* **WHAT TO DO**
From the line that contains "Natuurlijk wil ik" through the last line of the data, copy everything exactly and nothing else, omitting the pictures.

* **MATERIAL PROVIDED**
____________
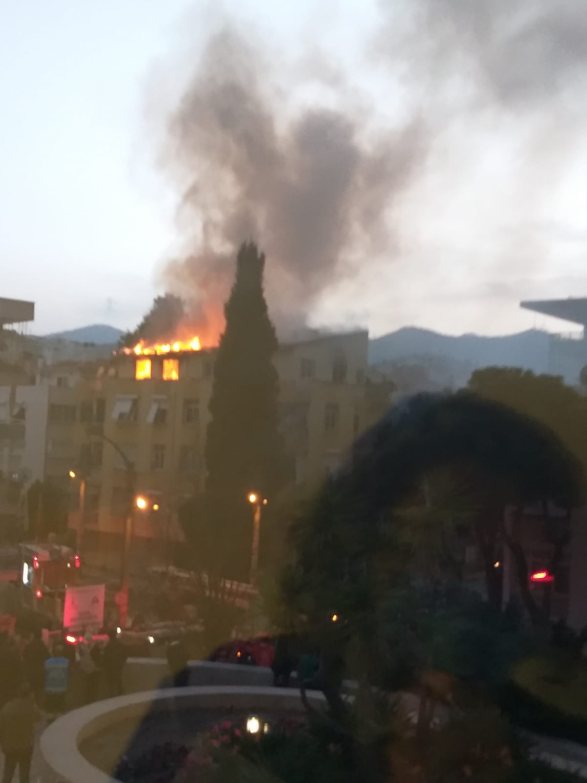 İzmir'de Ahmed Adnan Saygun Sanat Merkezi'nin karşısında yer alan binada çıkan yangın paniğe neden oldu.İzmir'de Mithatpaşa Caddesi üzerinde bulunan Ahmed Adnan Saygun Sanat Merkezi'nin karşısındaki binada yangın çıktı. Alevler binanın çatı katını sararken, yangını söndürmek için çok sayıda itfaiye ekibi olay yerine sevk edildi. Çevrede paniğe neden olan yangında can kaybı yaşanmadığı öğrenildi.
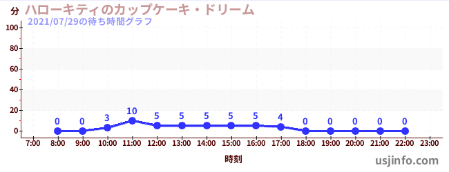 • ハローキティのカップケーキ・ドリーム$B$N(B2021年07月29日の待ち時間
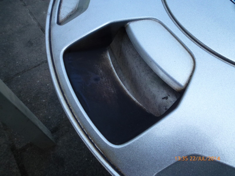Natuurlijk wil ik het product ook testen op iets dat erg vuil is en wat ik niet schoon kreeg. Dat waren de achterste wieldoppen van de camper. Deze zijn erg vuil door remstof, pekel e.d.
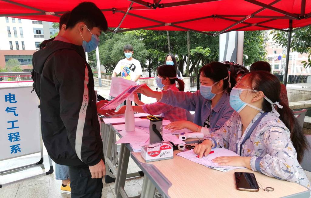 上午8点,身披志愿服务绶带的青年志愿者早已悄然上岗,他们有一个共同的名字--“返校复学青年突击队”。这是一支由高职入党积极分子组成的志愿者队伍,主要负责为同学们搬运行李、测量体温、核对信息、核验健康码、维护返校秩序……他们轮班上岗,连续工作数个小时早已司空见惯,中午甚至连吃饭的时间都没有。
____________
* **THE COMPLETED TASK**
Natuurlijk wil ik het product ook testen op iets dat erg vuil is en wat ik niet schoon kreeg. Dat waren de achterste wieldoppen van de camper. Deze zijn erg vuil door remstof, pekel e.d.
 上午8点,身披志愿服务绶带的青年志愿者早已悄然上岗,他们有一个共同的名字--“返校复学青年突击队”。这是一支由高职入党积极分子组成的志愿者队伍,主要负责为同学们搬运行李、测量体温、核对信息、核验健康码、维护返校秩序……他们轮班上岗,连续工作数个小时早已司空见惯,中午甚至连吃饭的时间都没有。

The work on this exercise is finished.